DANCE || CULTURE: An Introduction

Have you ever wondered how dance began? How did it manage to evolve and integrate to form an identity of its own and even redefine cultures? If these questions appeal to your imagination, this is the series for you!

Welcome to the new series DANCE||CULTURE! In this series, we will be delving into the culture of the various dances and how they evolve to this day. There will be tidbits and interesting stories to go around, so stick around to find out more! (You might just found out something you didn’t know about some dance genres!) So let’s just dive right into the origins of dance, shall we?

So how did dance begin?

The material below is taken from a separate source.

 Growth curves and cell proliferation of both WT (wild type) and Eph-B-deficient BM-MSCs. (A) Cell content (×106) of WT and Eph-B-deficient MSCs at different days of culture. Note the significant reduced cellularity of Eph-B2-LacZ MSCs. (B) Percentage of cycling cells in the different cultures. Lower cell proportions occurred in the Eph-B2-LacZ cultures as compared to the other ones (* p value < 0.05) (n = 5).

The first reports are hazy as means of recording were almost non-existent then, but researchers theorized that dance as an expression could have “developed as early as speech and language” and most definitely when people “were painting on cave walls, making clay figurines and decorating their bodies with ornaments”[1].

Drawings of community dances, believed to be a pastime of the people living in the Shelters then. PC:__________

In fact, the earliest probable evidence of dance dated back to the Paleolithic days 9,000 years ago tattooing the walls of the Bhimbetka rock shelters in India and Egyptian Tomb paintings from as far back as c.3300 BC that depicted dancing figures… That’s really long ago!

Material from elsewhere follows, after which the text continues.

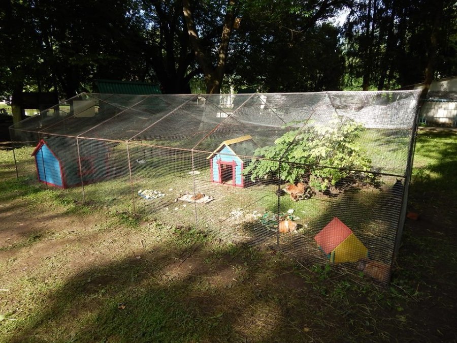 "Вухастики, відчувши простір, гасають вольєром. Зі свинками – повна ідилія))) Сюди ж днями поселили ще й квочку з 9-ма курчатами. Мама-курка ревно оберігає свої малюків. І може нагнати чотирилапих, якщо ті надто близько підходять до курчат. В цілому ж непорозумінь від сусідства одне одного немає. Ще один мешканець вольєру відучора – гусеня. Його знайшли у парку і принесли до нас

Dancers in a Feast for Nebamun c.1350 B.C.E. Found in Egyptian Tomb Chapel of Nebamun. PC:_______







Serving a ritualistic and communal purpose, traces of dance could even be found in documents dating from ancient civilisations across the world, particularly in agricultural communities across Asia and Europe [2].

From rituals to honour the gods in Ancient Greece to intimidating the enemy through Haka (a form of war dance) by the Māori, it was pretty clear that dance is capable of evoking various intense emotions in us and it was too addicting to stop.

Fast forward to today, and you will find that dance serves pretty much the same purpose as it did then – to enthrall, entertain and share cultures. Indeed, the popularity of various dances waxes and wanes based on the influence of various cultures.

Dancers in Singapore take classes from Freddie Kosman at O School. PC: ________

Take street dance as an example. Originating from New York City in the 1970s, it shot to stardom with the increase in popularity of American media in various parts of the world. Now, street dance is a global culture that bonds dancers from different backgrounds and countries.

One such dancer is Koharu Sugawara, who broke boundaries with her unique style. Born in Japan, she went on to take over the dance scene as an international performer.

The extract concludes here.